Not only is the trick itself amazing, but Al’s rhythm and warmth and stage presence is moving. You can imagine the kid going to bed feeling changed, recounting this to his grandchildren in 70 years and smiling. Watching footage of Al’s performances makes me feel like I am his friend. They make me sad that he is dead.
The Amazing Mr. Ash continued. “That’s not learned. Al Flosso was born like that. I promise you. He probably had his first girlfriend in the second grade.” His wife rolled her eyes and laughed.
“You can learn to talk to people, hell, you can even master magic tricks. That part is easy. But you can’t learn to be a salesman. And you need to be a salesman.”
He stared far away for about ten seconds, and then his wife spoke up.
“When I met Ash, I hated him. I thought he was sleazy and irritating. And then one day, we got married. It still feels like I’ve been tricked.”
“I’m really surprised I haven’t murdered her,” said Mr. Ash, cocking his head at his wife.
His wife just smiled slightly and squinted. She looked like an old photograph. “I’m surprised I haven’t murdered you, you dumb old bastard.”
They looked at each other like they were flipping through a weathered book they would never get tired of reading, catching glimpses of sentences they repeated to themselves and each other during dark times like prayers. Somehow though, the moment did not feel particularly private or uncomfortable for me. It just felt like a fact.
I thought of them sitting together in this tiny cramped magic shop, and then going upstairs to their identically-sized apartment to sleep. I imagined them doing this every day for the next three hundred years.

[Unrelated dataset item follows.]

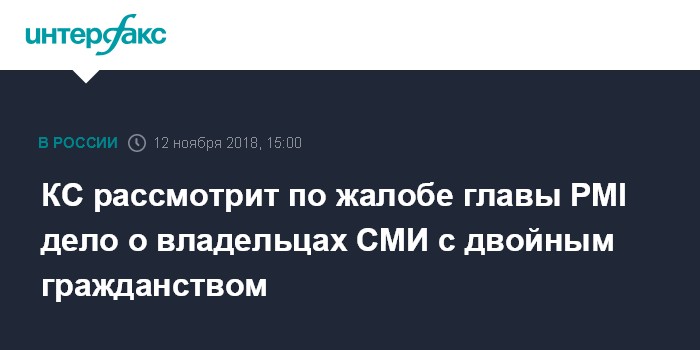 КС рассмотрит по жалобе главы PMI дело о владельцах СМИ с двойным гражданством
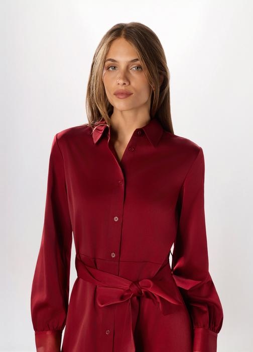 Ova kratka haljina od satena u boji rododendrona savršena je za jesenske dane. Izrađena od tkanog materijala, pruža udobnost i eleganciju. Idealna za žene koje traže stil i udobnost.

“You idiot,” she said to him. He thought for a minute and then laughed in one short burst. The shop fell warm and silent.
I was standing outside. I had missed my therapist appointment by one hour and forty five minutes.
I got a heavy gold amulet on a leather rope that looked to be 80 years old. It is a head with a little weathered face. It was buried in a drawer filled with deteriorating corn cob pipes that got progressively yellower as you dug deeper.
“Why are you buying that stupid thing?” said Mr. Ash when I went up to pay. He gave me my dollar back. “You can just have it. I don’t care.”
“Some salesman you are,” called his wife from the back of the store.
He had given me his phone number. “If you would like, I can try to teach you,” he said. “But I can’t promise anything.” I never called him.
I sat down on a bench near the bus stop. I opened up my hand to look at the heavy gold amulet, now warm from the heat of my skin.
“I’m pretty young,” I said to him. “I have time.”
I gave the amulet a few seconds to respond, but he said nothing in return. And that’s fine. I didn’t need him to. I put him in my pocket, stood up, and started walking with no real destination in my head.